A benevolent economy may deserve most of the credit for the acquired firm’s good financial performance. So the question that deserves thought is whether there is much proof that incumbents can manage a down economy or a post-merger situation successfully.

Short-Term Perspective

Management may be guilty of mortgaging the future to achieve short-term results. Statistics that look good today may have been achieved at tomorrow’s expense.

For example, the financial ledger may look good because there has been no money spent on R&D, capital improvements, and so on. The workforce may have been slashed to cut overhead, but this may have been done at the expense of adequate servicing of the company’s products. And, given time, these sorts of executive decisions could conceivably prove devastating to the firm. Numbers that look good on the surface may actually be fragile evidence of executive talent. Management may have built a house of cards that faces a shaky, uncertain future.

The Hand of Fate

Pure luck may have been on the company’s side. Chance timing may deserve most of the credit, as management simply may have stumbled into good fortune. Or a foolish gamble may have worked, although it never should have been taken.
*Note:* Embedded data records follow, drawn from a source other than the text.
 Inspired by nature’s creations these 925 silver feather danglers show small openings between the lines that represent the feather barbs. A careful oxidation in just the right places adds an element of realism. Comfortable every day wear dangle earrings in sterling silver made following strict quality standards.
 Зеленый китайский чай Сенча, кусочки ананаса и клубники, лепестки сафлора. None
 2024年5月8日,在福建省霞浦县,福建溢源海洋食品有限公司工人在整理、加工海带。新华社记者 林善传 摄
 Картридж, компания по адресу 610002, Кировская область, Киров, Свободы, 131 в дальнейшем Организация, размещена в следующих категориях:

The trend that has buoyed the financial picture may be about to reverse–for example a fast-growth strategy may be on the brink of corporate wreckage, with financial resources overextended and management capacities strained beyond reason.

Undeserved Credit?

It is possible that good numbers result primarily from the backup strength given by managers or technically skilled individuals who have already left the firm or who probably will leave. Likewise, managers or technical people may have been in slots where their own effectiveness has been masked by the strong or weak performance of another person.

In other words, who really owns the statistics? Who is primarily responsible for the acquired firm’s present financial status? Who has taken up the slack for whom?
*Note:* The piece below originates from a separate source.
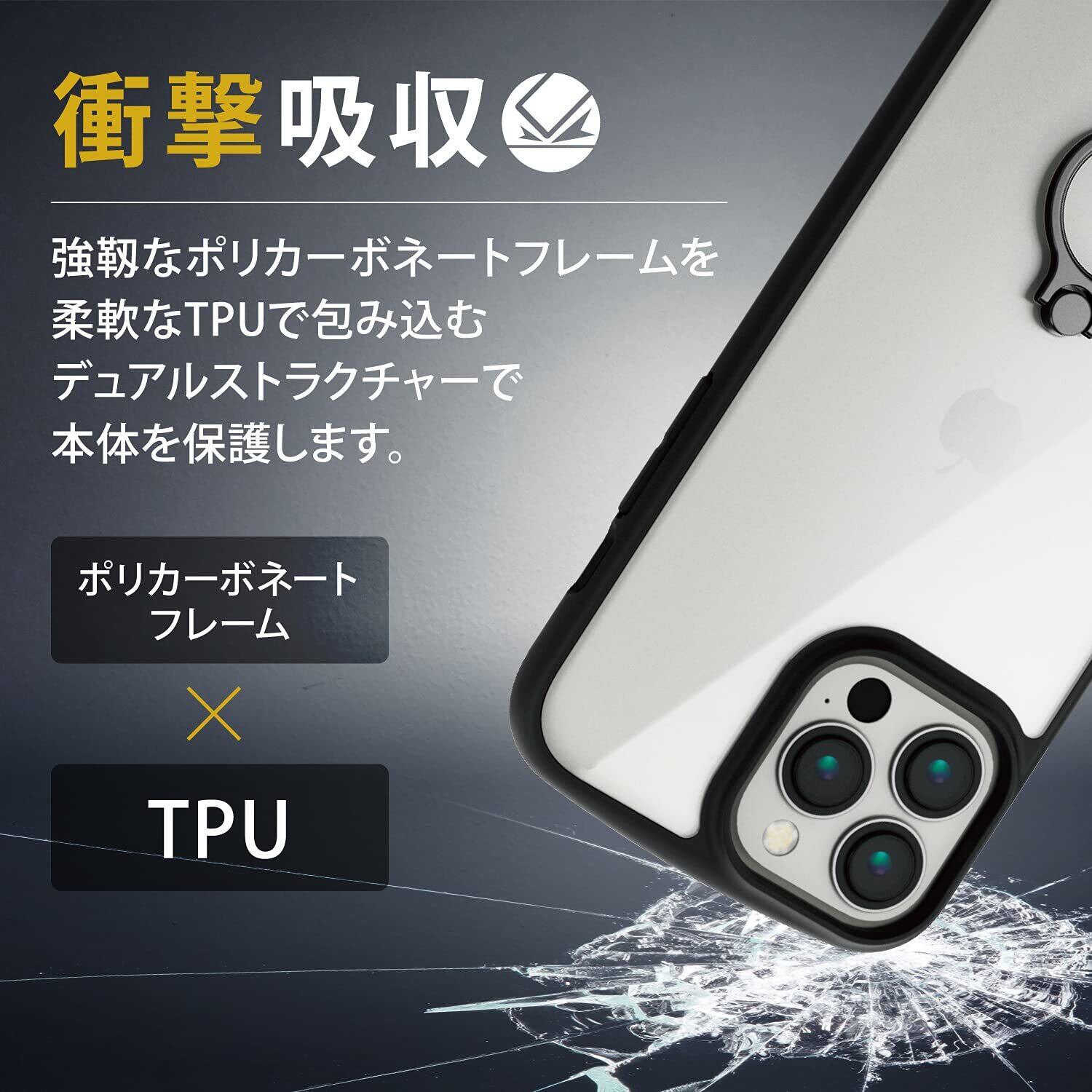 ■全周に配置した独自設計のエアクッションが衝撃を吸収し、背面には高硬度8Hの特殊樹脂を採用した落下防止リング付きのiPhone 13 Pro Max用TOUGH SLIM LITEケースです。 ■ケース背面に機器本体の落下を防止するリングが付いています。 ■リングは360度回転するので手の大きさに合わせて快適に保持できます。 ■リングを立てておくことでスタンドとしても使用でき、動画視聴などを快適に楽しめます。 ■TPU素材とポリカーボネートの2種構造でしっかりと保護します。

A Race with Only One Runner

A quantitatively favorable picture may be the result of little or no competition. And that, of course, can conceivably change.

So long as one has the only grocery store in town, the numbers may look pretty good, but they may say very little about managerial competence. It is interesting to observe how many major corporations have appeared to be well managed until they were confronted with stiff competition from Japanese imports in the form of automobiles, steel, and electronics.

Environmental Forces

Changing markets and changing access to raw materials due to political/governmental forces may cause top management to have numbers that look particularly good or bad. For example, price supports, deregulation, import tariffs, weather, or even war are external forces that can bias a company’s financial picture dramatically without making any valid statement about the caliber of the management team.

False Statistics

Numbers often lie. And they are often manipulated to make top management look better than it should.
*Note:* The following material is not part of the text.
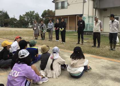 10月29日( 火)の梅坪小(18)サツマイモ掘りとリースの土台づくり
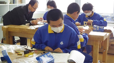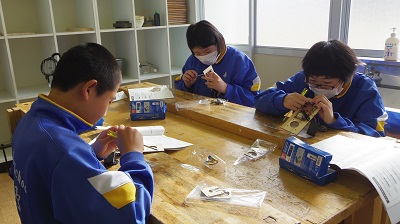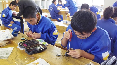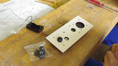なんだか真剣な表情で、片手に基板、片手にドライバーを持っています。

For example, the way inventories and facilities are valued, the tax angles that are played, and other accounting shenanigans can present a very misleading picture regarding top management’s true track record.

In his book How to Measure Managerial Performance, Richard Sloma states:

Output from the accounting system, while perfectly acceptable to the public audit firm, may be not only useless to a management performance may be inaccurately measured. The “best” array of measures always includes a “blend” of data, from both outside and within the accounting system.

How versus How Much

Qualitative issues or factors may be more important than quantitative measures. For instance, an executive’s ethics, strategic vision, human relations skills, and so on may deserve more consideration than the numbers he or she can boast. Perhaps the executive swung a $50 million deal by making a $50,000 bribe or achieved impressive market share by stealing trade secrets. It might be that the CEO has an adversarial manner that has enabled him or her to aggressively generate some good financial results thus far, but that will eventually precipitate a strike or lawsuit. In short, you can’t separate the ends from the means.

But all too often, the leaders of an acquired firm are appraised on the basis of quantitative data, the profits, or the bottom line, what the company has shown vis-à-vis earnings, stock prices, and growth in revenues. Parent company executives need to scrutinize the qualitative data on its acquired management team, as this information represents part of the “hidden economics” of the deal.